@bjmiller I’d like to discuss this article with you, to see if we can find some common ground. Here is one key excerpt to start with:
Many of Lamoureux’s audience have minimal understanding of quantum mechanics, thermodynamics, or the intricate details of Darwinian evolution. As a result the EFS represents little more than a benevolent fiction. However, its inherent deficiencies have more serious consequences for those who encounter hostile skeptics. This danger was demonstrated vividly in a debate between Lamoureux, Stephen Meyer, and Lawrence Krauss. Krauss is an atheist whose primary goal seems to be to use science to discredit belief in God. During the debate, Lamoureux attempted to detach Darwinian evolution from atheism using his EFS, but his arguments appeared so unconvincing that Krauss did not even bother to respond. If anything, he saw Lamoureux as an ally in his drive to argue against the evidence for direct design in nature and in his promoting a harmony between evolution and faith which is so scientifically and logically unsound that it could be dismantled by a savvy atheist with relative ease.

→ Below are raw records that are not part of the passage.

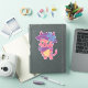 La colle n'est pas très collante. Le point positif est que le collant s'enlève facilement. Le point négatif est que les côtés "frisent" un peu, je l'ai collé sur mon ordinateur et quand je le met et l'enlève de mon sac, ça abime un peu les rebords. Mais ça tient quand même depuis quelques semaines sans problème, c'est juste les côtés qui sont un peu abimés. Je suis très satisfaite de la qualité de l'impression. Les couleurs sont fantastiques et tiennent bien le coup.
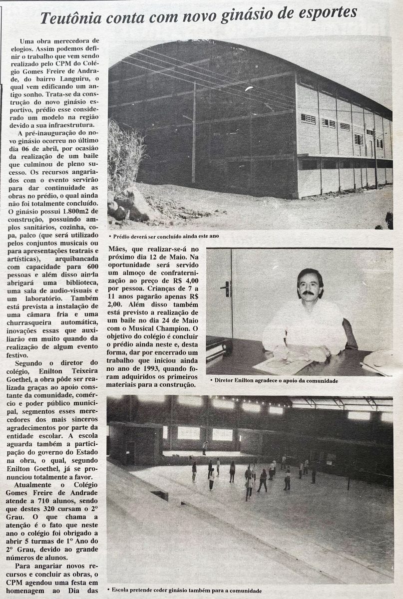 Teutônia tinha em andamento a construção do ginásio de esportes na Escola Gomes Freire de Andrade, em Languiru. Com 1.800 m², a obra era conduzida pelo CPM e ainda aguardava a participação do governo estadual para sua conclusão. Na época, o colégio atendia 710 alunos e a expectativa era finalizar o ginásio, iniciado em 1993, ainda naquele ano.
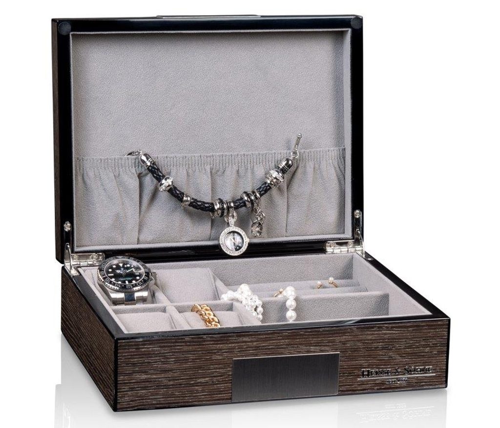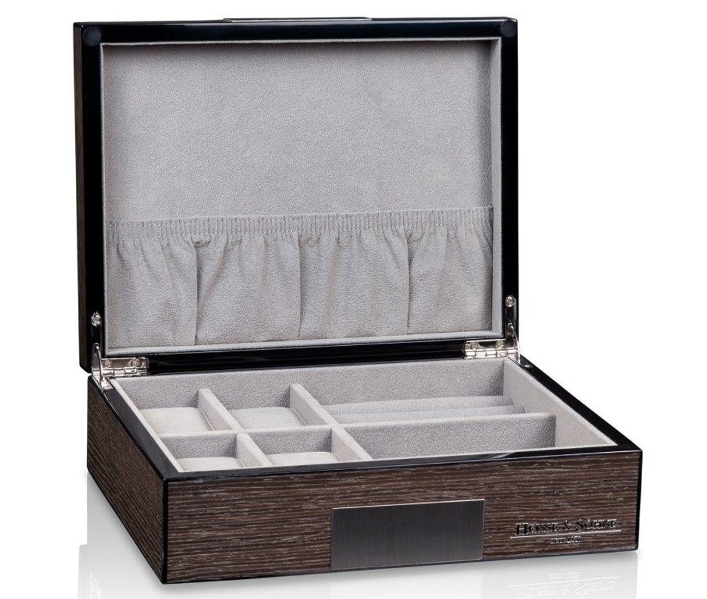 Watch and jewellery box Heisse & Söhne Leo 4 70019-193.164 for 4 watches and other valuables. The watch and jewellery box from the Leo series combines timeless elegance and maximum functionality in an outstanding design. The dark Ginko veneer gives the box a luxurious, natural look, while the light grey interior creates a fascinating contrast and completes the design in style.

Compounding the danger, Lamoureux unwittingly encourages Christians to embrace not a meaningful dialogue between faith and science but a self-imposed intellectual captivity where they surrender their right to critically evaluate materialist theories about the origin and development of life.
I’m glad you see Denis efforts as benevolent. I also share many of your concerns with his work too, but I do think he has the best interests of the Church in mind. He is doing what he thinks will be most helpful.
In your mind, am I am a deist in Christian clothing? Do the good relationships I have with atheists make you distrust me?